I am trying to do an aggregate where I'd like to relate items from one array to another.

The idea is, get sentences related with terms where sentence contains all words from term items. The output will be a project with all texts fields and one custom field with all attributes from terms.

Here is my first collection:

db.terms.insertMany([
  { "_id" : 1, "items" : ["sun", "day"] },
  { "_id" : 2, "items" : ["moon", "night"] },
])

And the second one:

db.texts.insertMany([
  { "_id" : 1, "sentence" : ["a beautiful sun makes a bright day", "not usefull here"] },
])

The intent aggregate:

db.texts.aggregate([
    {$lookup: {
        from: "terms",
        let: { term_items: "$items" },
        pipeline: [
          { $match: { $expr: { "$sentence": { $all: "$$term_items" } } } }
        ],
        as: "term_obj"
    }},
]);

When I execute this aggregate I am receiving this error:

org.graalvm.polyglot.PolyglotException: Command failed with error 168 (InvalidPipelineOperator): 'Unrecognized expression '$$term_items'' on server localhost:27019. The full response is {"ok": 0.0, "errmsg": "Unrecognized expression '$$term_items'", "code": 168, "codeName": "InvalidPipelineOperator"}

Another intent:

db.texts.aggregate([
    {$lookup: {
        from: "terms",
        let: { term_items: "$items" },
        pipeline: [
          { $match: { $expr: { $in: ["$$term_items", "$sentence"] } } }
        ],
        as: "term_obj"
    }},
]);

The error:

org.graalvm.polyglot.PolyglotException: Command failed with error 40081 (Location40081): '$in requires an array as a second argument, found: missing' on server localhost:27019. The full response is {"ok": 0.0, "errmsg": "$in requires an array as a second argument, found: missing", "code": 40081, "codeName": "Location40081"}

What I am missing here?

1
If "moon" appears in the first element of sentence, and "night" in the second, should it match overall, or do all of the items need to be in the same sentence element? - Joe

1 Answers

4
votes

In the existing lookup, you are using $items before it has a value. $let is where you should be assigning $sentence from the outer document to a variable.
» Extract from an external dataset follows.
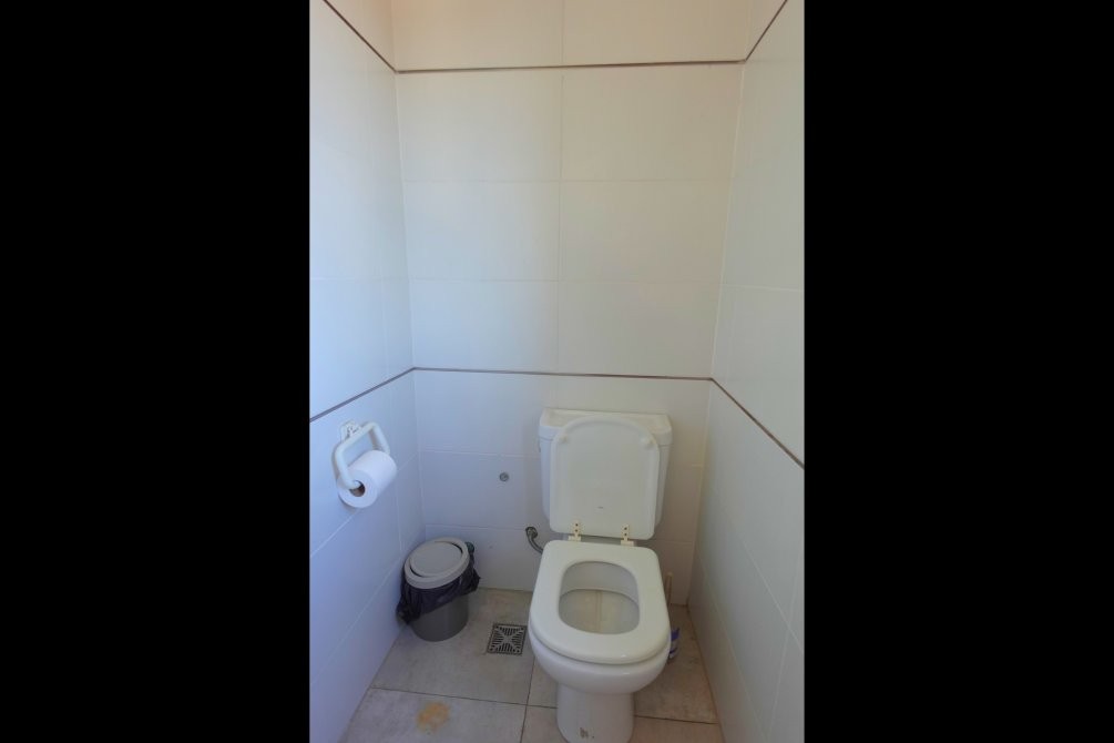 En el quinto piso, ingresamos a la unidad 5C, que cuenta con una gran cocina comedor con piso flotante y un ventanal con vista al contrafrente del edificio. La cocina cuenta con muebles bajo y alta mesada, calefon y cocina, ambas eléctricas.
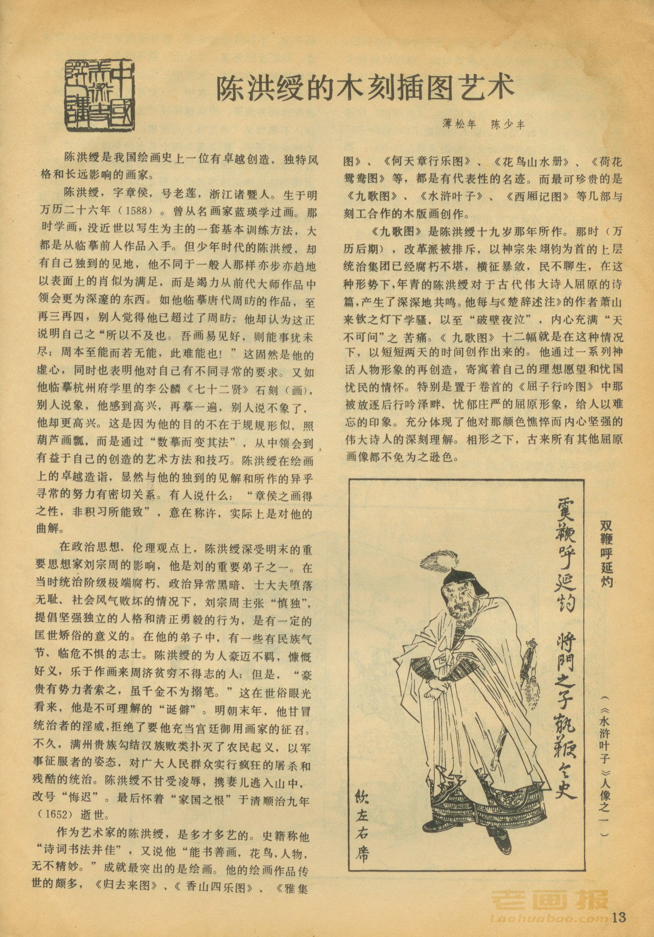 陈洪绶的木刻插图艺术 作者:薄松年 陈少丰 绘画:陈洪绶 河北画刊 1979年第5期 老画报网藏书扫描制作 转载请注明出处 1 2 目录 |<< < 上一页 下一页 > >>| 陈洪绶的木刻插图艺术 < 上一页下一页 >

One possible solution to accomplish this lookup:

  • $map over the sentence array
  • for each sentence, $reduce over the items array and test with $in
  • $reduce over the resulting array of booleans to see if there was a sentence that matched all of the items
  • test the result using $match and $expr
db.texts.aggregate([
  {$lookup: {
      from: "terms",
      let: {sentences: "$sentence"},
      pipeline: [
        {$match: {
           $expr: {
             $reduce: {
               initialValue: false,
               input: {
                 $map: {
                   input: "$$sentences",
                   as: "sentence",
                   in: {$reduce: {
                        input: "$items",
                        initialValue: "true",
                        in: {$and: [
                            "$$value",
                            {$regexMatch: {
                                regex: "$$this",
                                input: "$$sentence"
                            }}
                        ]}
                   }}
                 }
               },
               in: {$or: ["$$this", "$$value"]}
             }
           }
       }}
     ],
     as: "term_obj"
  }}
])

Playground